— Устроилась! — сказал он одобрительно. — Ну, не знал, что так живешь, — давно бы прикатил в гости! Сами мы, знаешь, как: шкуру под голову, шкуру на себя — порядок. А взамен занавесочки снежок, за зеркальце — ледок идет, все честь по комедии. Одно понимаем: живот набивать, тут не скупимся. — Он покачал головой, жалея самого себя: — Сказано: человек что птичка, нажрется, как свинья, и доволен! — Он вдруг резко оборвал себя: — Болтаю я, а ты что-то скучная? Или письма нехорошие? Начальники выговор влепили? Ты не огорчайся: начальник для того и вознесен, чтоб выговора сеять, иначе откуда же высота его людям увидится? Так письма, что ли?
— Письма плохие, — подтвердила Оля, с трудом сдерживая новые слезы. — Выговоры — за то, что дура. Теперь умнее буду.
— Умной быть — не вредно, — заметил он, внимательно наблюдая ее лицо. — И начальникам внимания поменьше. Они свое, ты свое — так лучше.
— Так лучше, — повторила она мстительно. — Не думать ни о каких начальниках, делать свое дело!
— Во-во! — сказал он одобрительно. — Ия свое дело знаю — кто-кто, а я устрою… — Ему неудержимо захотелось похвастаться. — Спирт, что твои олешки пьют, чей? Личный, ни грамма государственного. Ну, и песцы, что за спирт пошли, — личные. И все довольны. Государству убытка нет, план пушнины перевыполнен, олешки веселятся, а мне тоже не горевать.
Он громко захохотал. Оля вспыхнула. Она сказала с гневом:
— Как это надо понимать — олешки? Почему вы оскорбляете людей ничуть не хуже вас самого? — Она закончила с негодованием: — Ненавижу, когда обижают других!

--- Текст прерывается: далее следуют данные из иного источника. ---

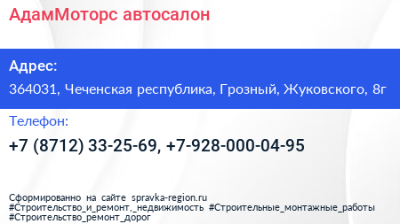 АдамМоторс, автосалон по адресу 364031, Чеченская республика, Грозный, Жуковского, 8г в дальнейшем Организация, размещена в следующих категориях: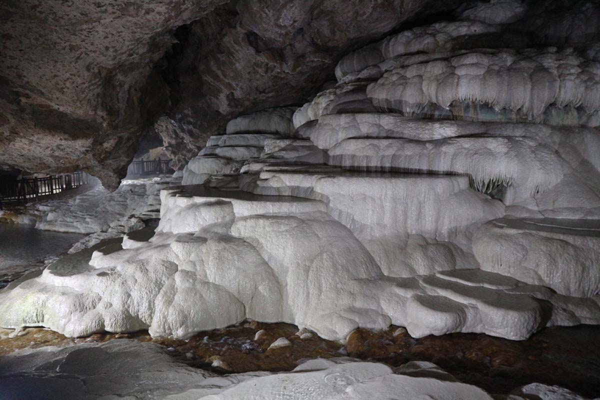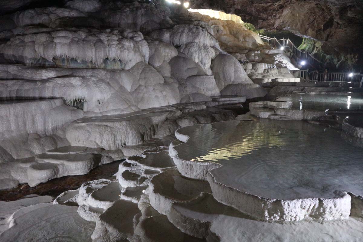 З раннього ранку ми зібрали речі та поїхали до Денізлі на автовокзал. Там ми безкоштовно залишили речі у незнайомого нам чоловіка, який продає якісь квитки і пішли шукати маршрутку, яка нас звозить до Каклика. А звідти треба якось доїхати до підземних травертинів. Водій маршрутки сказав, що повністю вирішить наше питання, якщо не помиляюся за 30 лір за всіх (3,5$). Ми поїхали з ним рейсовою маршруткою. Хвилин через 30 він нас висадив і передав до рук чоловіка машиною. Той нас відвіз прямо до печери і сказав, що за годину й сорок хвилин забере нас прямо звідси. Причому поки що гроші з нас ніхто не брав. За цей час водій маршрутки встигне доїхати до кінцевої зупинки і знову проїжджатиме Каклик у зворотному напрямку, а його друг з машиною нас підсадить прямо у зворотну маршрутку. Схема відпрацювала просто ідеально, але водій маршрутки попросив ще 5 лір (0,6 $) за послуги таксі. Аж не віриться, який лайфхак ми провернули щойно за 4 долари, хоча ще вчора навіть уявити не могли як дістатися цієї печери і повернутися. Тепер про саму печеру. Сказати, що було круто та незвично – нічого не сказати. Я такого дива природи ще не бачив і навіть не знав, що буває підземний Памуккале. Взуття краще залишити на вході.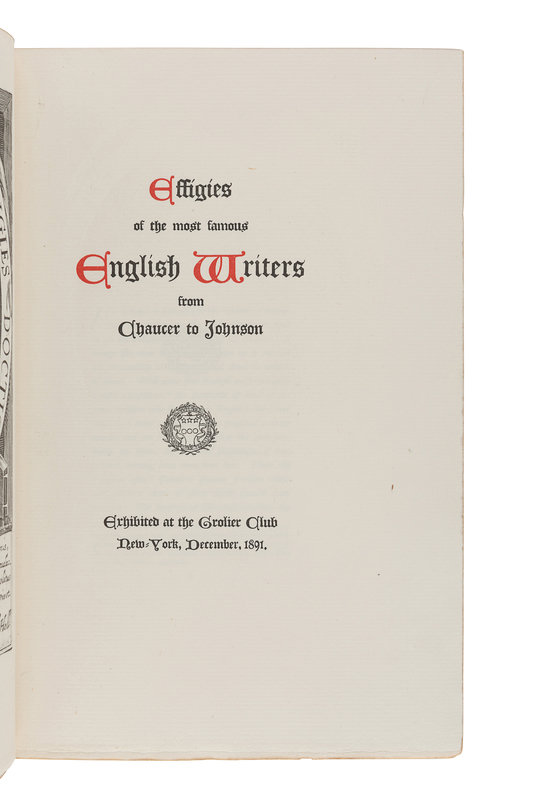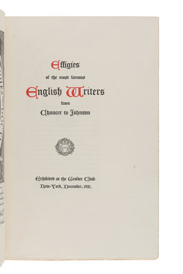 [CLUB BINDERY] -- [GROLIER CLUB]. Effigies of the Most Famous English Writers from Chaucer to Johnson. New York: The De Vinne Press for the Grolier Club, 1891.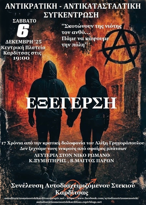 Δεκαεφτά χρόνια έχουν περάσει από εκείνο το βράδυ της 6ης Δεκέμβρη του 2008 ,το βράδυ που ο 15χρονος Αλέξης Γρηγορόπουλος δολοφονείται από τους ένστολους μισθοφορικούς φασίστες Κορκωνέα, Σαραλιώτη και το ξέσπασμα της αυθόρμητης εξέγερσης.Η σημερινές συνθήκες θα μπορούσαν να πυροδοτήσουν ένα νέο κύκλο εξεγερσιακών καταστάσεων πράγμα το οποίο δεν βλέπουμε. Δεν πρέπει όμως να βυθιστούμε σε μια λογική ηττοπάθειας ,αλλά σε μια λογική επαγρύπνησης, να προβληματιστούμε ,να ανασκουμπωθούμε ,να σηκώσουμε κεφάλι απέναντι στον κρατικό μηχανισμό και τα τσιράκια του και κάθε φορά που δείχνουν τα δόντια τους ,είναι ιστορικό μας καθήκον και ευχαρίστησή μας να τους τα σπάσουμε, να ανασυνταχθούμε και να κρατήσουμε το όραμα της εξέγερσης ζωντανό ,για τώρα και για πάντα μέχρι την καταστροφή του υπάρχοντος για μια κοινωνία ελεύθερη χωρίς δυνάστες.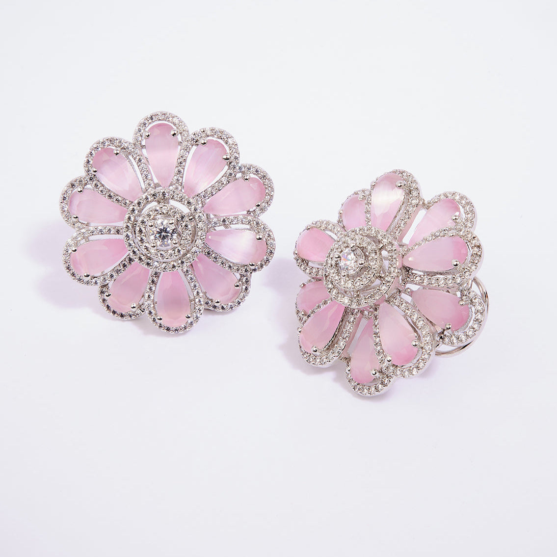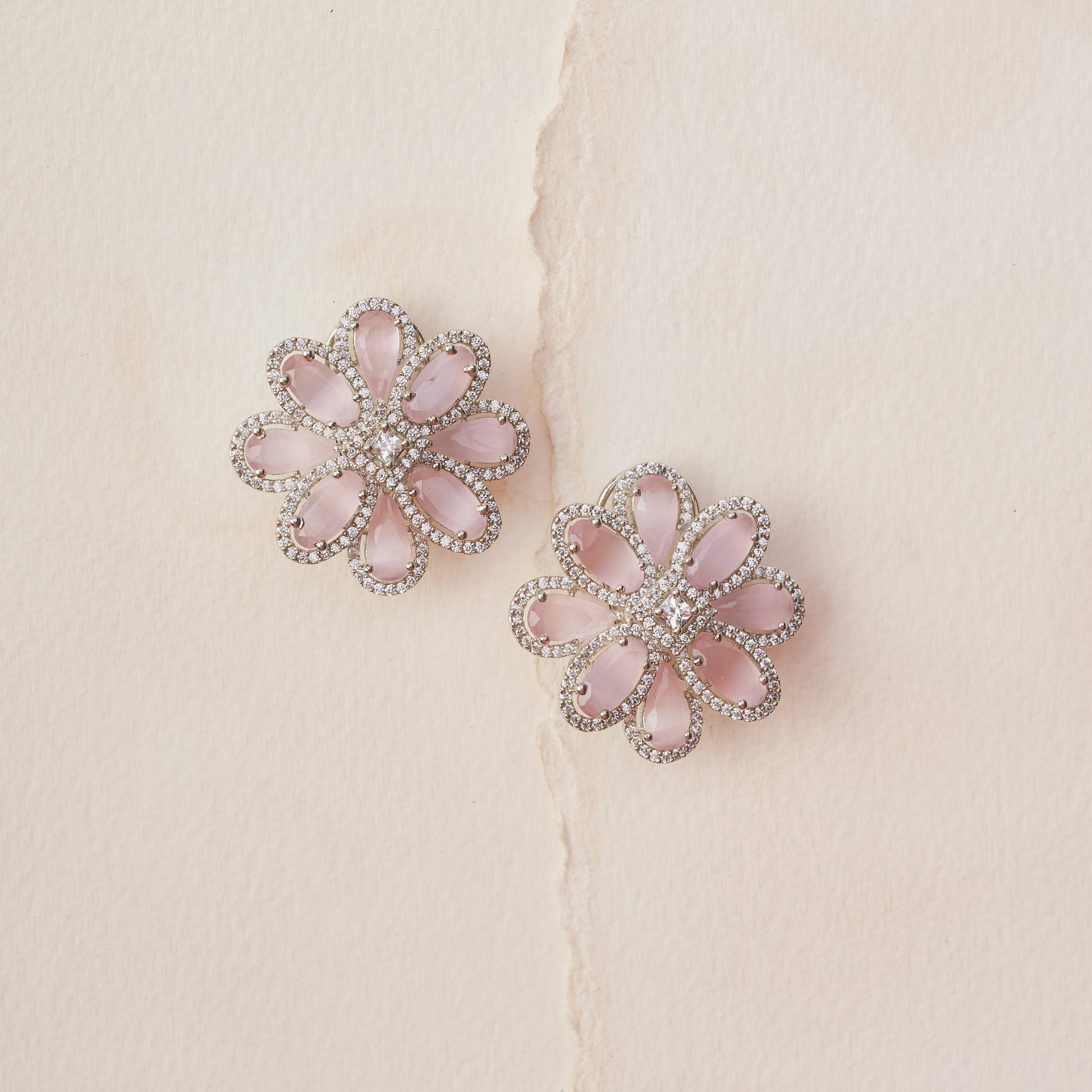 Designed with a concept of ancient royal English look in rose pink, these statement faux diamante earrings are a perfect versatile pair of additions to any jewellery kitty. Made with the finest zirconia stones, finished with silver rhodium plating and intricately handcrafted with love in India.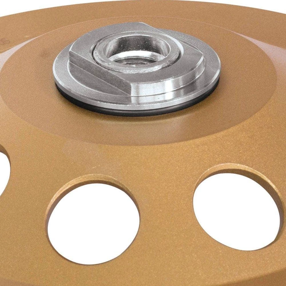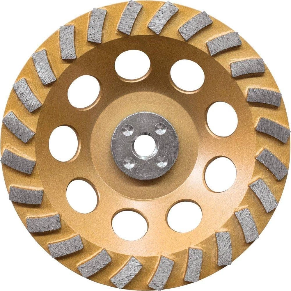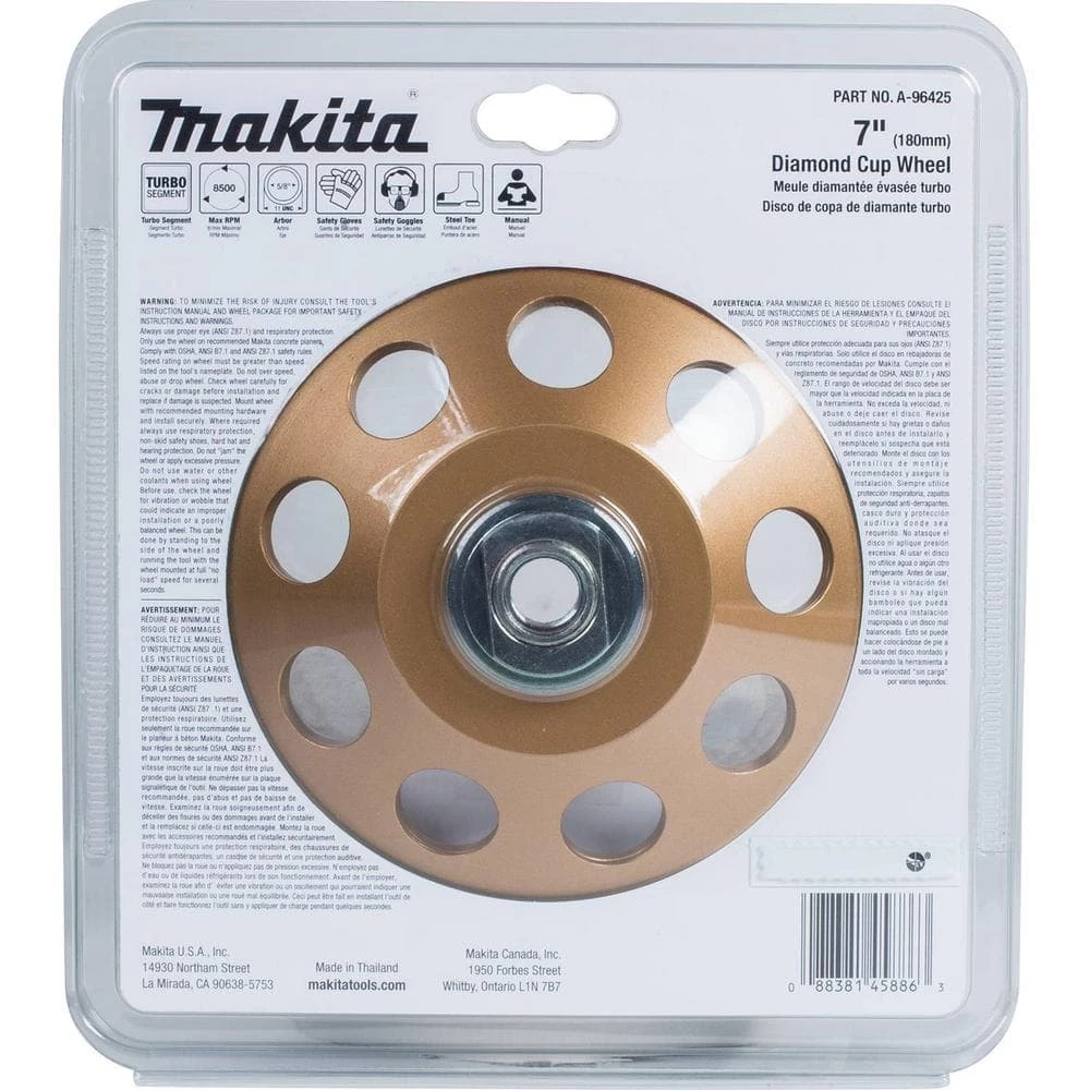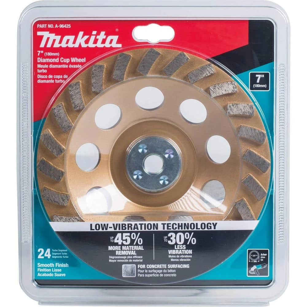 The Makita 7 in. Anti-Vibration Diamond Cup Wheel (A-96425) features a 24-segment turbo rim design and is engineered for improved performance and less vibration. It is an ideal accessory for use with 7 in. angle grinders with an electronic controller and is built for paint and adhesive removal as well as concrete surface preparation. The innovative design produces fast material removal and a smooth finish. The innovative design is engineered to reduce chatter for improved operator comfort.

Он сразу осекся. Он уже жалел о своей невоздержанности. Жизненный опыт приучил его бояться всякой неприятности — черт его знает как пустячок обернется, и котенок может нагадить. Спьяну он сболтнул лишку, нехорошо, если она пойдет жаловаться. Он стал оправдываться:
— Да это я не со зла, глупая! Все так говорят — олешки… Слово такое — без обиды.
Она резко оборвала его:
— Никто не говорит, вы один. А если хотите знать, они лучше всех других людей, особенно тех, что ставят себя выше.
Он примирительно пробормотал:
— Ладно, не буду. Чего разошлась из пустяков?
Оля сердито отвернулась. Жальских видел, что гнев ее утихает — стычка была пустяковая, на самое главное девка, похоже, внимания не обратила. Он не удержался от своеобразного оправдания:
— Пойми, диковаты они нашему глазу. Бакари их возьми — разве на человеческую ногу похожи? Ни дать ни взять — конское копыто.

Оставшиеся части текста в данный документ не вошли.